DATA SHOWN ::
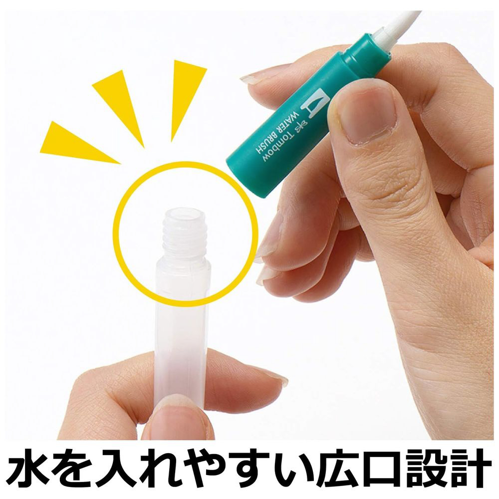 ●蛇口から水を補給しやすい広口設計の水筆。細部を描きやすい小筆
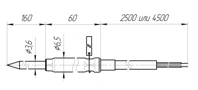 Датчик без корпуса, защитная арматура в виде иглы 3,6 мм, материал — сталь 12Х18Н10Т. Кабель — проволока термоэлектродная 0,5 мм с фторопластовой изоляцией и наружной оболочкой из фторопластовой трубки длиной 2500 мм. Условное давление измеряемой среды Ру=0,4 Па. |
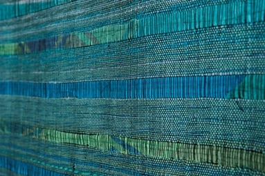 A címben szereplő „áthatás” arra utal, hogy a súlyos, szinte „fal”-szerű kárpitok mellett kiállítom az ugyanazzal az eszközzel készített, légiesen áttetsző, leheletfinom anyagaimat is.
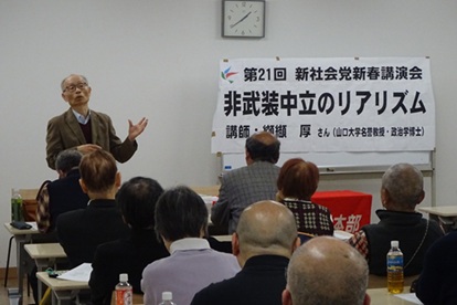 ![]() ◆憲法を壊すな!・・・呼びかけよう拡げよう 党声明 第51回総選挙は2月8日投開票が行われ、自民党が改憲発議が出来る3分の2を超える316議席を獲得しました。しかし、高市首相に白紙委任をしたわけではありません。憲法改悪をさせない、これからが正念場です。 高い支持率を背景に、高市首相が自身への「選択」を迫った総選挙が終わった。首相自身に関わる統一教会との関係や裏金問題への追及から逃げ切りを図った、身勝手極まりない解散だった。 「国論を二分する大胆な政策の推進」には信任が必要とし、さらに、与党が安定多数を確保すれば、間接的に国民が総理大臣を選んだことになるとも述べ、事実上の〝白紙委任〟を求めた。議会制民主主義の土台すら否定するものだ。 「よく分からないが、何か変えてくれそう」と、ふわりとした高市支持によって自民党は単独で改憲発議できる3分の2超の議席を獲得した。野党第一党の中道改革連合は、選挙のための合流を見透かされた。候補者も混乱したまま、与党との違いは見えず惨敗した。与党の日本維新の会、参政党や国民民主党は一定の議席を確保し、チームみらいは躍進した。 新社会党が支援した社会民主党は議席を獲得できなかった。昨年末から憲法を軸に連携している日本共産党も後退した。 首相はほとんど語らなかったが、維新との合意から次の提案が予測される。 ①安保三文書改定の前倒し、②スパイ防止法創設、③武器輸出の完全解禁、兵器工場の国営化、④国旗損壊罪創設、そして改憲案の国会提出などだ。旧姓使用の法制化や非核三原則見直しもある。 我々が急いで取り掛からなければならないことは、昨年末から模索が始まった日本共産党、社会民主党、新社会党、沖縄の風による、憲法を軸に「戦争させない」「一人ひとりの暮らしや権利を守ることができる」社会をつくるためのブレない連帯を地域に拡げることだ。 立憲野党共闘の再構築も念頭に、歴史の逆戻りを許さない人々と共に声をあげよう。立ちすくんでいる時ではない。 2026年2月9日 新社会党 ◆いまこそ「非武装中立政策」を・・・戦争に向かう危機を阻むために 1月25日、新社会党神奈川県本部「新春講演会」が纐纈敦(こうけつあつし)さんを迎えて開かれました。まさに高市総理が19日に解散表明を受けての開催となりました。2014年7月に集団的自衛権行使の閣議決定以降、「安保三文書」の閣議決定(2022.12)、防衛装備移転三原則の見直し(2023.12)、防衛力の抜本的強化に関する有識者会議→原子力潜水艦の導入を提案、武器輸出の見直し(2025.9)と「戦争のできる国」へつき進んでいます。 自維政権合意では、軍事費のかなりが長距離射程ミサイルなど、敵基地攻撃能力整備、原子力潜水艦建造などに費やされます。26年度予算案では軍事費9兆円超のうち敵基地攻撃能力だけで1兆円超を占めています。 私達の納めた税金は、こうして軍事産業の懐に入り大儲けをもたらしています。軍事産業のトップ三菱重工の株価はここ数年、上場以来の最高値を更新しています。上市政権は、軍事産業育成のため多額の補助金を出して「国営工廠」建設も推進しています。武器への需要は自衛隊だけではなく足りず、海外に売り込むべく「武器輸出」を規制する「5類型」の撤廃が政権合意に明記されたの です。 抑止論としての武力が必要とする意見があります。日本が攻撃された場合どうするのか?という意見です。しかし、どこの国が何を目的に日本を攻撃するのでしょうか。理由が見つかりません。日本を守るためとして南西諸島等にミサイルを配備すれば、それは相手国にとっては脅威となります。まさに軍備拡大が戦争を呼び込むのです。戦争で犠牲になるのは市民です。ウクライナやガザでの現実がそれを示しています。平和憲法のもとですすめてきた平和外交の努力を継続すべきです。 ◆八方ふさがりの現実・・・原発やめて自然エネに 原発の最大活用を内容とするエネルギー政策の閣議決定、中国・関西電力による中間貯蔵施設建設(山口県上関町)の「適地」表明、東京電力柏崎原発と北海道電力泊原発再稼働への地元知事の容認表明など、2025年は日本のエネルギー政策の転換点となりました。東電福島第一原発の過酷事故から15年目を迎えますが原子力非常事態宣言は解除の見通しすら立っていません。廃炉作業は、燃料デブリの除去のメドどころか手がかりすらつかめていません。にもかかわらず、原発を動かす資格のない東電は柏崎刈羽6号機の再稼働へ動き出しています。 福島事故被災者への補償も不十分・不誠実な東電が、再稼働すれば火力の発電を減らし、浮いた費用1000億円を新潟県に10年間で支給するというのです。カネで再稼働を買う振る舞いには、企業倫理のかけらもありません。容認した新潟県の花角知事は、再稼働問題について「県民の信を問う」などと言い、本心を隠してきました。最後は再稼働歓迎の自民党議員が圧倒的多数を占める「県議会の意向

PROMPT ::
Return the data exactly. Pictures stay out.

YOUR RESPONSE ::
 ●蛇口から水を補給しやすい広口設計の水筆。細部を描きやすい小筆
 Датчик без корпуса, защитная арматура в виде иглы 3,6 мм, материал — сталь 12Х18Н10Т. Кабель — проволока термоэлектродная 0,5 мм с фторопластовой изоляцией и наружной оболочкой из фторопластовой трубки длиной 2500 мм. Условное давление измеряемой среды Ру=0,4 Па. |
 A címben szereplő „áthatás” arra utal, hogy a súlyos, szinte „fal”-szerű kárpitok mellett kiállítom az ugyanazzal az eszközzel készített, légiesen áttetsző, leheletfinom anyagaimat is.
 ![]() ◆憲法を壊すな!・・・呼びかけよう拡げよう 党声明 第51回総選挙は2月8日投開票が行われ、自民党が改憲発議が出来る3分の2を超える316議席を獲得しました。しかし、高市首相に白紙委任をしたわけではありません。憲法改悪をさせない、これからが正念場です。 高い支持率を背景に、高市首相が自身への「選択」を迫った総選挙が終わった。首相自身に関わる統一教会との関係や裏金問題への追及から逃げ切りを図った、身勝手極まりない解散だった。 「国論を二分する大胆な政策の推進」には信任が必要とし、さらに、与党が安定多数を確保すれば、間接的に国民が総理大臣を選んだことになるとも述べ、事実上の〝白紙委任〟を求めた。議会制民主主義の土台すら否定するものだ。 「よく分からないが、何か変えてくれそう」と、ふわりとした高市支持によって自民党は単独で改憲発議できる3分の2超の議席を獲得した。野党第一党の中道改革連合は、選挙のための合流を見透かされた。候補者も混乱したまま、与党との違いは見えず惨敗した。与党の日本維新の会、参政党や国民民主党は一定の議席を確保し、チームみらいは躍進した。 新社会党が支援した社会民主党は議席を獲得できなかった。昨年末から憲法を軸に連携している日本共産党も後退した。 首相はほとんど語らなかったが、維新との合意から次の提案が予測される。 ①安保三文書改定の前倒し、②スパイ防止法創設、③武器輸出の完全解禁、兵器工場の国営化、④国旗損壊罪創設、そして改憲案の国会提出などだ。旧姓使用の法制化や非核三原則見直しもある。 我々が急いで取り掛からなければならないことは、昨年末から模索が始まった日本共産党、社会民主党、新社会党、沖縄の風による、憲法を軸に「戦争させない」「一人ひとりの暮らしや権利を守ることができる」社会をつくるためのブレない連帯を地域に拡げることだ。 立憲野党共闘の再構築も念頭に、歴史の逆戻りを許さない人々と共に声をあげよう。立ちすくんでいる時ではない。 2026年2月9日 新社会党 ◆いまこそ「非武装中立政策」を・・・戦争に向かう危機を阻むために 1月25日、新社会党神奈川県本部「新春講演会」が纐纈敦(こうけつあつし)さんを迎えて開かれました。まさに高市総理が19日に解散表明を受けての開催となりました。2014年7月に集団的自衛権行使の閣議決定以降、「安保三文書」の閣議決定(2022.12)、防衛装備移転三原則の見直し(2023.12)、防衛力の抜本的強化に関する有識者会議→原子力潜水艦の導入を提案、武器輸出の見直し(2025.9)と「戦争のできる国」へつき進んでいます。 自維政権合意では、軍事費のかなりが長距離射程ミサイルなど、敵基地攻撃能力整備、原子力潜水艦建造などに費やされます。26年度予算案では軍事費9兆円超のうち敵基地攻撃能力だけで1兆円超を占めています。 私達の納めた税金は、こうして軍事産業の懐に入り大儲けをもたらしています。軍事産業のトップ三菱重工の株価はここ数年、上場以来の最高値を更新しています。上市政権は、軍事産業育成のため多額の補助金を出して「国営工廠」建設も推進しています。武器への需要は自衛隊だけではなく足りず、海外に売り込むべく「武器輸出」を規制する「5類型」の撤廃が政権合意に明記されたの です。 抑止論としての武力が必要とする意見があります。日本が攻撃された場合どうするのか?という意見です。しかし、どこの国が何を目的に日本を攻撃するのでしょうか。理由が見つかりません。日本を守るためとして南西諸島等にミサイルを配備すれば、それは相手国にとっては脅威となります。まさに軍備拡大が戦争を呼び込むのです。戦争で犠牲になるのは市民です。ウクライナやガザでの現実がそれを示しています。平和憲法のもとですすめてきた平和外交の努力を継続すべきです。 ◆八方ふさがりの現実・・・原発やめて自然エネに 原発の最大活用を内容とするエネルギー政策の閣議決定、中国・関西電力による中間貯蔵施設建設(山口県上関町)の「適地」表明、東京電力柏崎原発と北海道電力泊原発再稼働への地元知事の容認表明など、2025年は日本のエネルギー政策の転換点となりました。東電福島第一原発の過酷事故から15年目を迎えますが原子力非常事態宣言は解除の見通しすら立っていません。廃炉作業は、燃料デブリの除去のメドどころか手がかりすらつかめていません。にもかかわらず、原発を動かす資格のない東電は柏崎刈羽6号機の再稼働へ動き出しています。 福島事故被災者への補償も不十分・不誠実な東電が、再稼働すれば火力の発電を減らし、浮いた費用1000億円を新潟県に10年間で支給するというのです。カネで再稼働を買う振る舞いには、企業倫理のかけらもありません。容認した新潟県の花角知事は、再稼働問題について「県民の信を問う」などと言い、本心を隠してきました。最後は再稼働歓迎の自民党議員が圧倒的多数を占める「県議会の意向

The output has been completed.